By Jen Schellinck and John Stroud

Analogy 1: Rockets and Planes

In my job, I’m often asked to talk about and explain AI to non-technical people. I really enjoy doing this, and I strongly believe that non-technical people shouldn’t be expected to learn all of the nitty-gritty technical details about how AI (data science, data analytics, machine learning, etc.) is implemented in order to make good decisions about AI. I think analogies are a powerful tool that can help with that because they tie new technologies and ideas to something people are already familiar with, which makes the technology more relatable. I also think that it’s up to us, the technical people, to create realistic and intuitive analogies – ones that are validly similar and legitimately helpful to the people who need to make decisions about these technologies.

To lead with one of my most recent analogies, let me start by talking about rockets – those typically slightly cone-shaped objects designed to shoot straight up into the sky.

To make a successful rocket you need: rocket fuel + materials to build the rocket + skilled people who know how to design and build rockets (knowledge of physics, engineering techniques, etc.)

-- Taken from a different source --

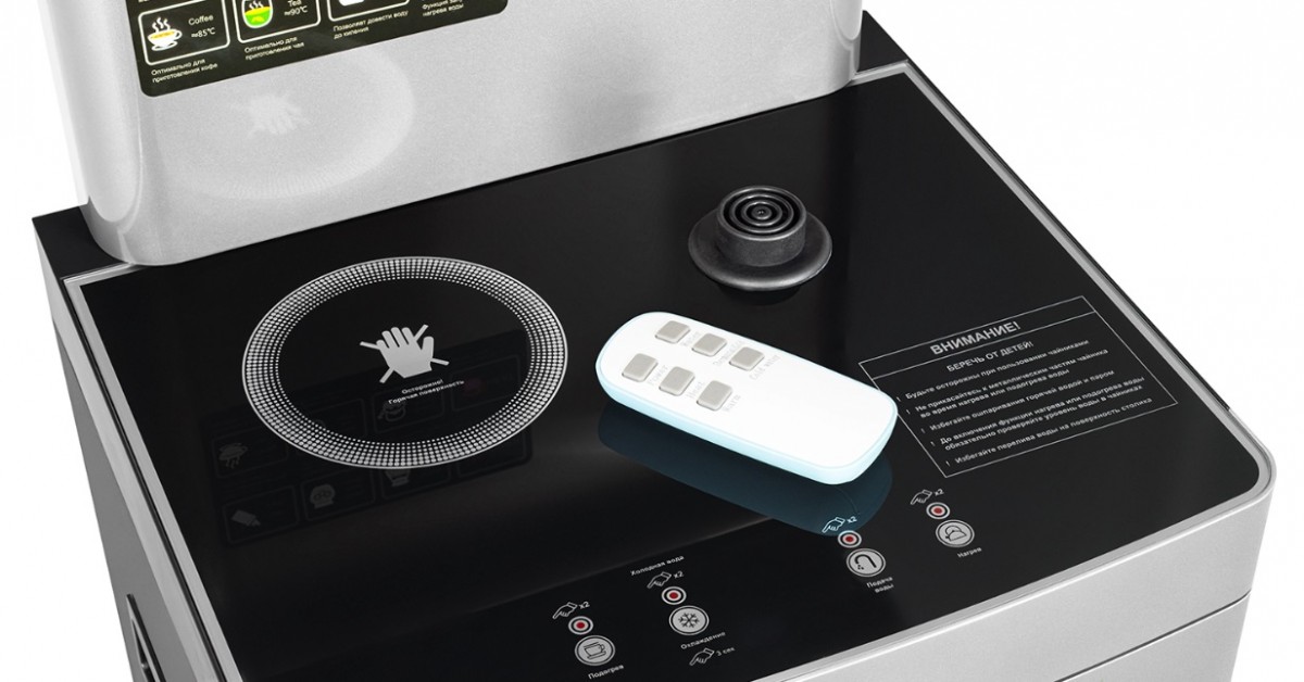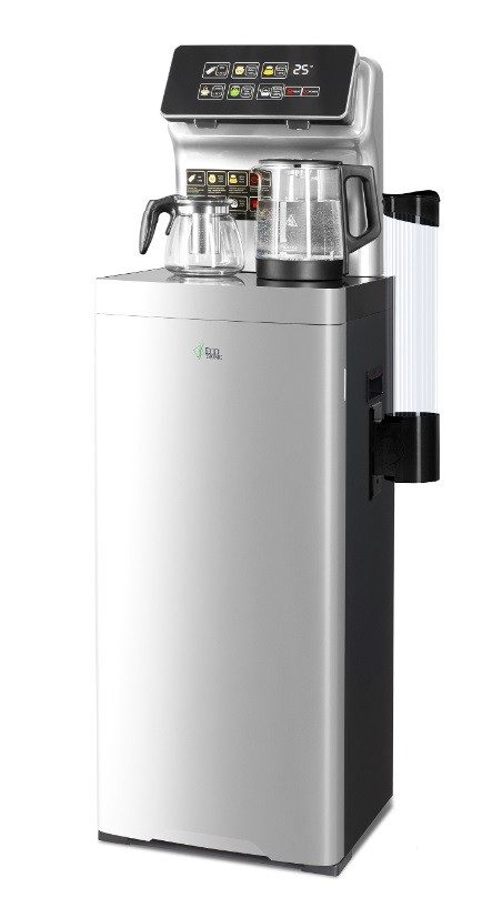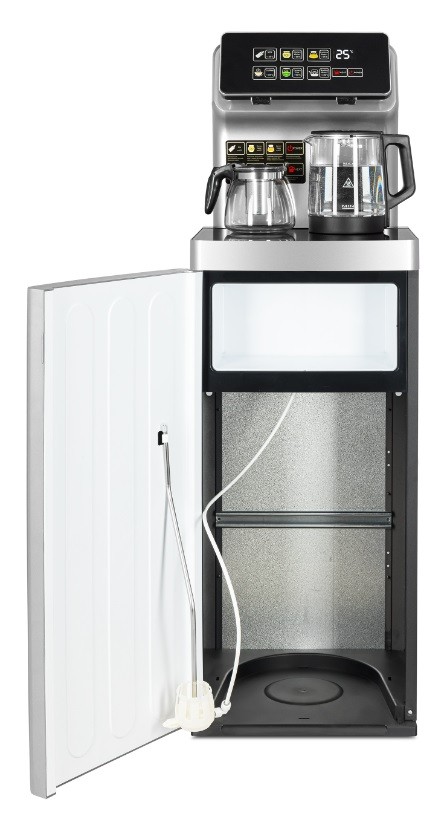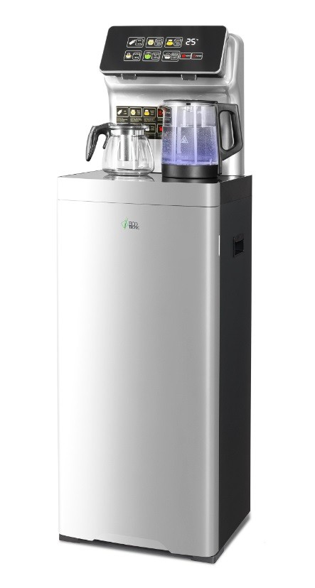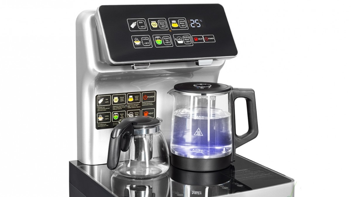Тиабар Ecotronic TB15-LER silver — это напольный кулер с чайным столиком. Большая и удобная панель управления с возможностью задать температуру нагрева (6 режимов нагрева). Пульт дистанционного управления. Нижняя загрузка бутыли. Два чайника — для кипячения и заварочный. Электронное охлаждение. Нагрев воды в чайнике до 100°С. Шкафчик для хранения.

I see AI, right now at least, as being very similar to rockets in a number of ways. On the AI front, data is the fuel, relevant hardware and software are the materials and the data scientists (machine learning specialists, business analytics specialists, etc.) are the skilled people doing the building.

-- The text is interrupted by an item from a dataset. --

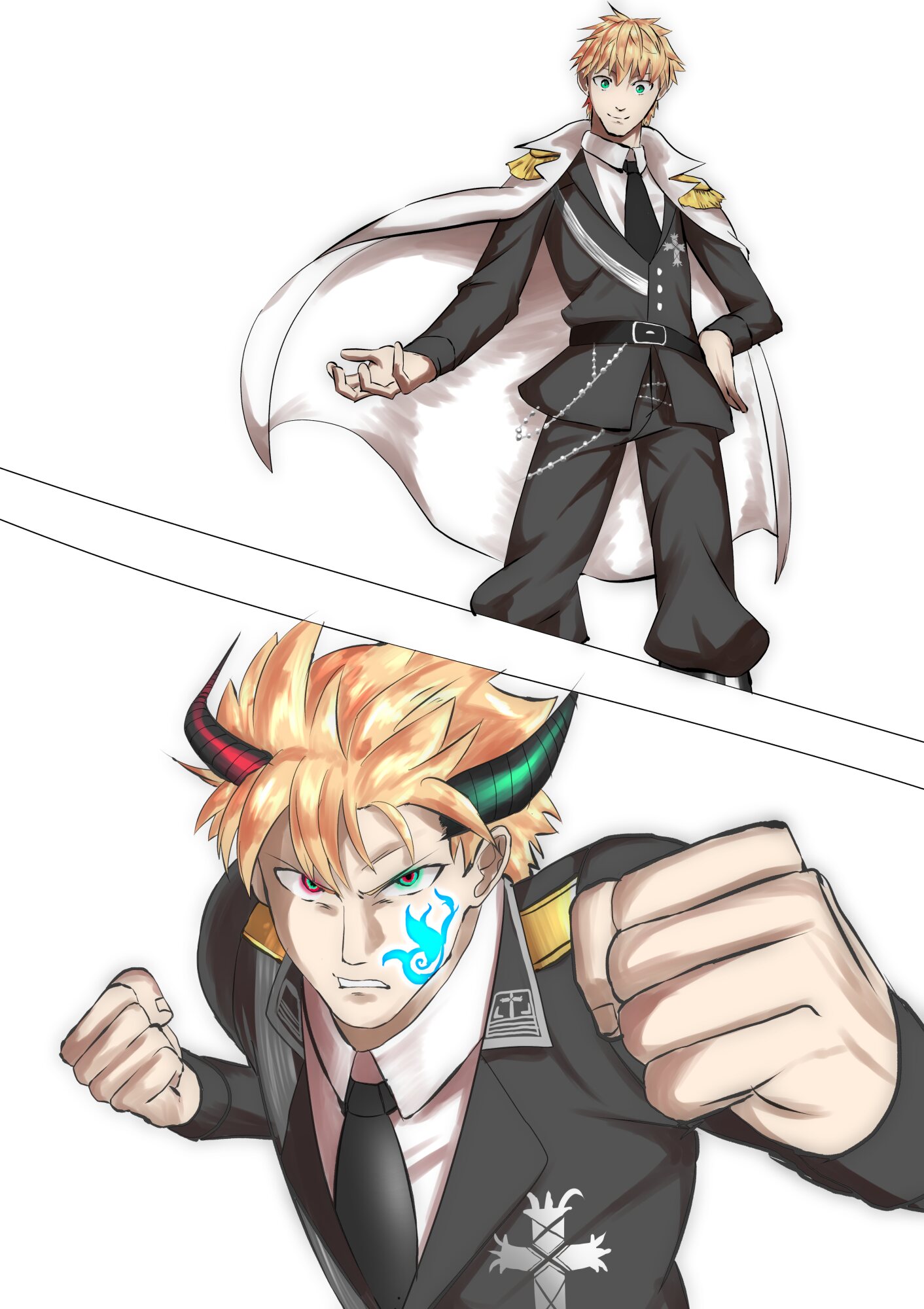 爛々と相手を射抜くような右、赤と左、翠のオッドアイ。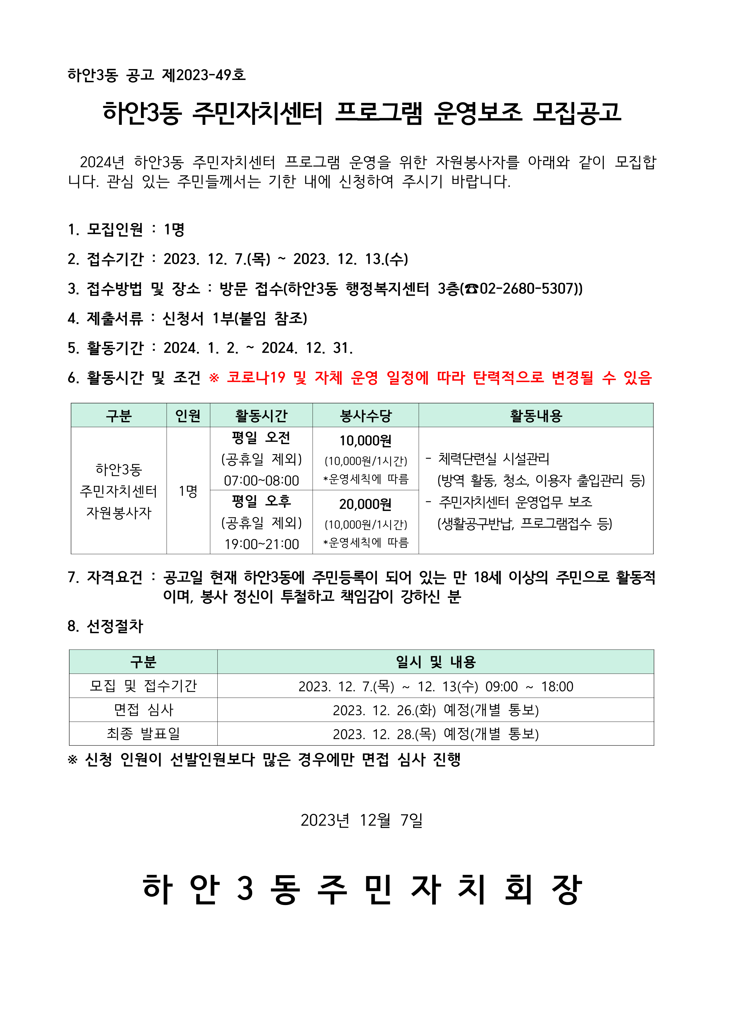 2024년 하안3동 주민자치센터 자원봉사자 공고(서식 포함).hwp

When it comes to rocket building, you have amateur hobby rocket people building plastic pop bottle rockets in their backyard, you have people like this guy who take ‘hobby’ rocket building to a whole new level, you have companies sponsoring hobby rocket makers in the hopes of a new breakthrough, you have companies making commercial rockets (e.g. to get satellites into the air, or for military purposes) and then you have NASA and other space programs building giant rockets designed to carry people to the moon and the space station. And of course you have people doing research on how to build rockets, and developing theories about rockets in universities.

If we flip over to the AI side of things, you see much the same: you have people using their home computer to have a bit of fun with some pre-built neural net or bot, you have people who are technically doing AI only as a hobby, or on the side, but in a very serious way (see for example many of the people who enter Kaggle competitions) you have companies and organizations sponsoring these competitions, you have smaller AI companies developing new products and then you have the truly massive companies who are building AI on a massive scale (e.g. Google). You also have many AI researchers in universities.

Now, to take what might at first seem like a sharp left turn, you also have people building airplanes.

Are airplanes rockets? Arguably, no. But still, it’s a bit confusing. Rockets and airplanes both fly through the air, they both use specific types of fuel and some airplanes even have rockets attached to them. We also might imagine that, in a pinch, if someone gave you the materials that would be used to build a plane, and some airplane fuel, you probably could build a rocket. You’d just have to configure things a bit differently. As well, it seems like there would be a significant overlap in the knowledge, theory and techniques required to design and build airplanes and rockets.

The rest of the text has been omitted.